◆ **Information provided**:
= Beginning of Section =

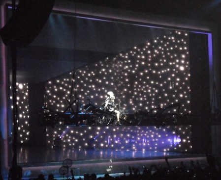 - She had pretty creative stage projections during her costume changes. They were filmed like short movies, and were projected on a huge, stage wide scrim that they lowered when she exited for a break. They kept us entertained in a multimedia kind of way, giving us something of substance to watch instead of smoke machines and circular drum machine loops.
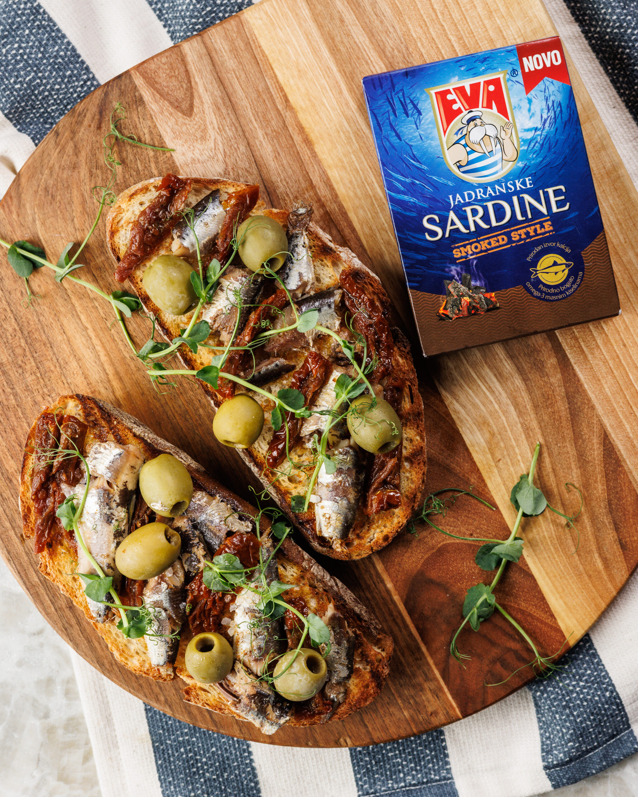 Eva sardine bogate su omega-3 masnim kiselinama, vitaminima i mineralima, savršene za sve koji cijene zdrave i ukusne obroke. No najveća prednost Eva sardina jest upravo ta što dolazi iz Jadranskog mora. Ribari ih ulove u dijelovima Jadrana koji ima najbolje uvjete za rast ove ribe, odnosno, tamo gdje je temperatura 9°C, a salinitet 38,3 promila.
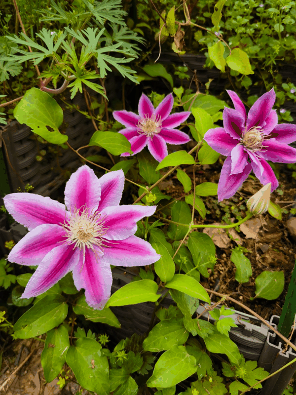 铁线莲的 园艺价值很高 ,明末清初诗人彭孙贻的“蕤宾为蒂锻为胎,百炼芙蕖火宅来;似逐旌阳仙树发,轻浮海港铁莲开;白毫叶叶光生座,素步盈盈迹印苔;采得若邪春一线,干将抱蕊棹歌回”、清朝诗人樊增祥的“跗萼细牵墨线,花心双套瑶卮”的描述均写出了铁线莲美妙的姿态。 铁线莲的其他植物学特征如下:茎具六条纵纹,节部膨大,被稀疏短柔毛;二回三出复叶,叶片顶端钝尖,基部圆形或阔楔形,全缘;花单生叶腋, 萼片6枚,甚至更多 ,颜色丰富,有白、红、紫、黄、蓝以及复色等;萼片倒卵圆形或匙形,密被绒毛;雄蕊紫红色,花柱短,柱头膨大成头状(植物描述参考中国植物志)。
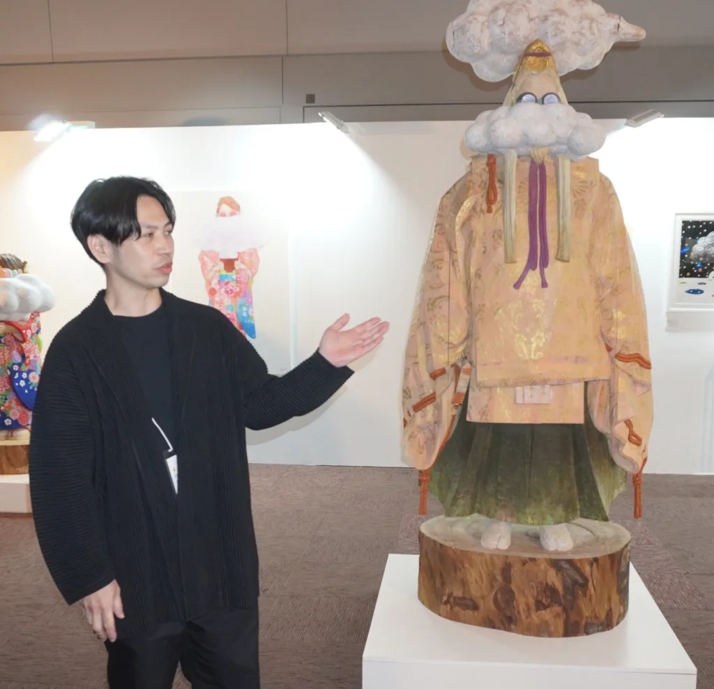 木彫に鮮やかな彩色が持ち味の野原さんは大小の作品を前に「大阪は妻の出身地でよく訪れる地。私の作品は台湾などアジアの国々で評価されることが多いが、形が分かりやすいのだと思う」と万博に向けインバウンド客に向けた意欲を示した。

= End of Section =

◆ **Brief**: Everything from the line holding "Eva sardine bogate" through the last line of the listing should be written out exactly, except for the pictures.

◆ **Response**:
 Eva sardine bogate su omega-3 masnim kiselinama, vitaminima i mineralima, savršene za sve koji cijene zdrave i ukusne obroke. No najveća prednost Eva sardina jest upravo ta što dolazi iz Jadranskog mora. Ribari ih ulove u dijelovima Jadrana koji ima najbolje uvjete za rast ove ribe, odnosno, tamo gdje je temperatura 9°C, a salinitet 38,3 promila.
 铁线莲的 园艺价值很高 ,明末清初诗人彭孙贻的“蕤宾为蒂锻为胎,百炼芙蕖火宅来;似逐旌阳仙树发,轻浮海港铁莲开;白毫叶叶光生座,素步盈盈迹印苔;采得若邪春一线,干将抱蕊棹歌回”、清朝诗人樊增祥的“跗萼细牵墨线,花心双套瑶卮”的描述均写出了铁线莲美妙的姿态。 铁线莲的其他植物学特征如下:茎具六条纵纹,节部膨大,被稀疏短柔毛;二回三出复叶,叶片顶端钝尖,基部圆形或阔楔形,全缘;花单生叶腋, 萼片6枚,甚至更多 ,颜色丰富,有白、红、紫、黄、蓝以及复色等;萼片倒卵圆形或匙形,密被绒毛;雄蕊紫红色,花柱短,柱头膨大成头状(植物描述参考中国植物志)。
 木彫に鮮やかな彩色が持ち味の野原さんは大小の作品を前に「大阪は妻の出身地でよく訪れる地。私の作品は台湾などアジアの国々で評価されることが多いが、形が分かりやすいのだと思う」と万博に向けインバウンド客に向けた意欲を示した。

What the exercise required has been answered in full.